为克服单边永磁涡流制动法向力，提升制动性能，研究了两种双边Halbach阵列永磁涡流制动特性。利用电磁理论建立空间磁场方程，推导出两种系统各自的制动力解析表达式，并搭建相应的有限元模型验证其解析解的正确性。对比了两种双边Halbach阵列永磁涡流制动方案的制动力，得到低速段时方案1制动力接近方案2制动力的2倍。最后，分析了永磁体长度、高度、气隙、导体板电导率及厚度对方案1制动性能的影响。分析结果表明：为取得最大制动效率，永磁体长高比应为1.2；为避免产生影响系统稳定运行的法向力，上下部气隙应相等；导体板电导率变化不影响最大制动力，但其对应的速度会随其的增大而减小；导体板厚度的变化会同时改变最大制动力及其对应的速度。

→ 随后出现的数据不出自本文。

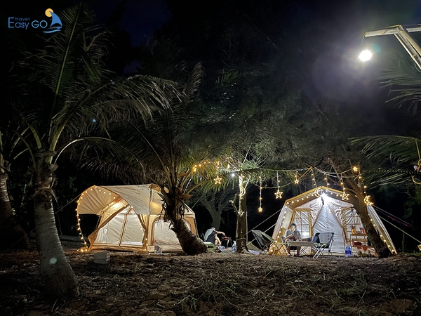 Tối: Bạn và bạn bè thuê lều trại, cắm trại, mở BBQ ngoài biển, Đây chắc chắn là trải nghiệm có một không hai khi bạn đến với tour du lịch biển Quỳnh.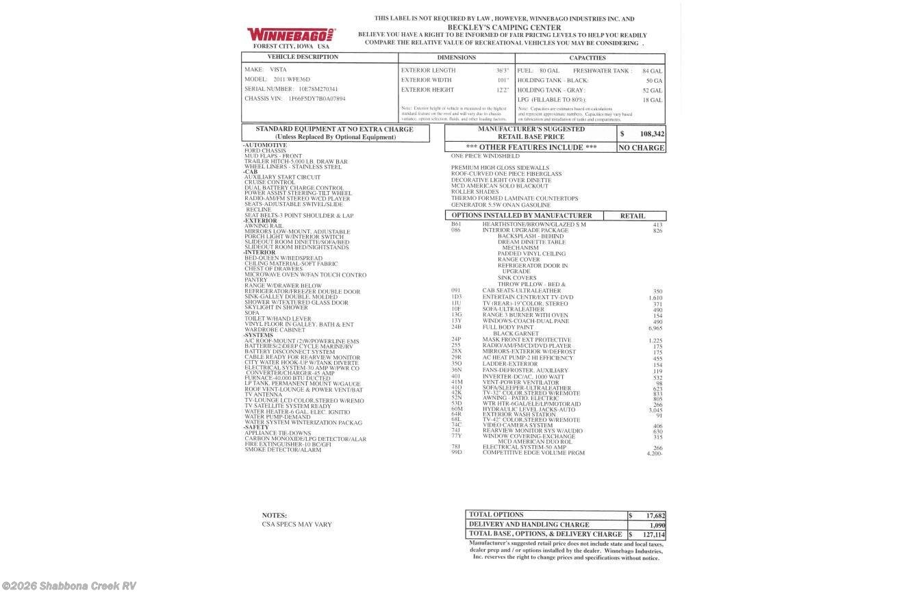 Request More Info on this 2011 Winnebago Vista 36D * Offered for sale by Shabbona Creek RV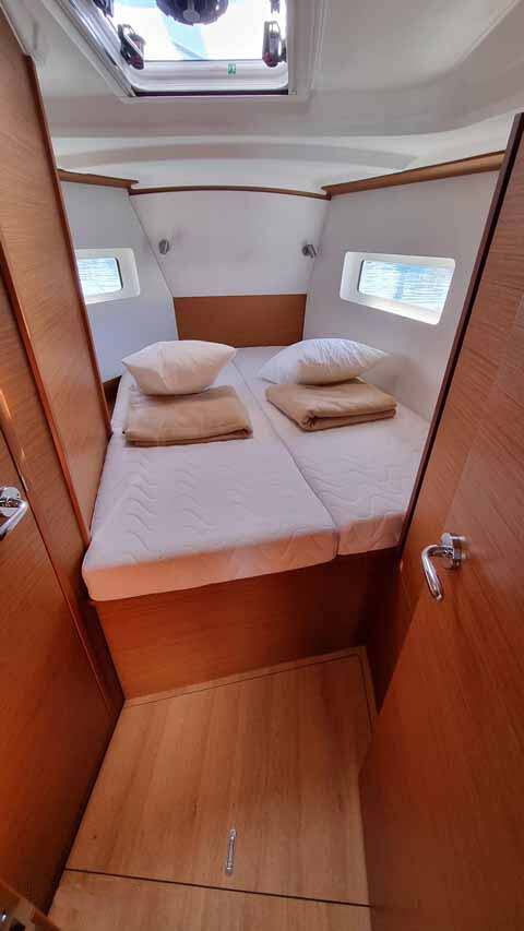 Sailing yacht Sun Odyssey 380 Bella Mia, built in 2023 is anchored in the Golfo Aranci Marina Dell’Isola, Sardinia, Italy. It has 3 cabins, can accommodate 6 + 1 people and has 2 toilets. Bed linen and kitchen equipment are included in the price.

In order to overcome the normal force of the singlesided permanent magnet eddy current braking and improve the braking performance, the characteristics of two doublesided Halbach arrays permanent magnet eddy current braking are studied. The space magnetic field equations are established by using electromagnetic theory, and the analytical expressions of the two systems braking force are derived. And the corresponding finite element model is built to verify the correctness of the analytical solutions. The braking forces of the two doublesided Halbach arrays permanent magnet eddy current braking systems are compared, and the braking force of the scheme 1 is close to twice of that of the scheme 2 at low speed. Finally, the influence of the permanent magnet length, permanent magnet height, air gap, conductor plate conductivity and thickness on the braking performance of scheme 1 is analyzed. The results show that the ratio of length to height of permanent magnet should be 1.2 to obtain the maximum braking efficiency. To avoid the normal force affecting the stable operation of the system, the upper and lower air gaps should be equal. The change of conductor plate conductivity does not affect the maximum braking force, but its corresponding speed will decrease with conductor plate conductivity increase. The change of conductor plate thickness will change the maximum braking force and its corresponding speed at the same time.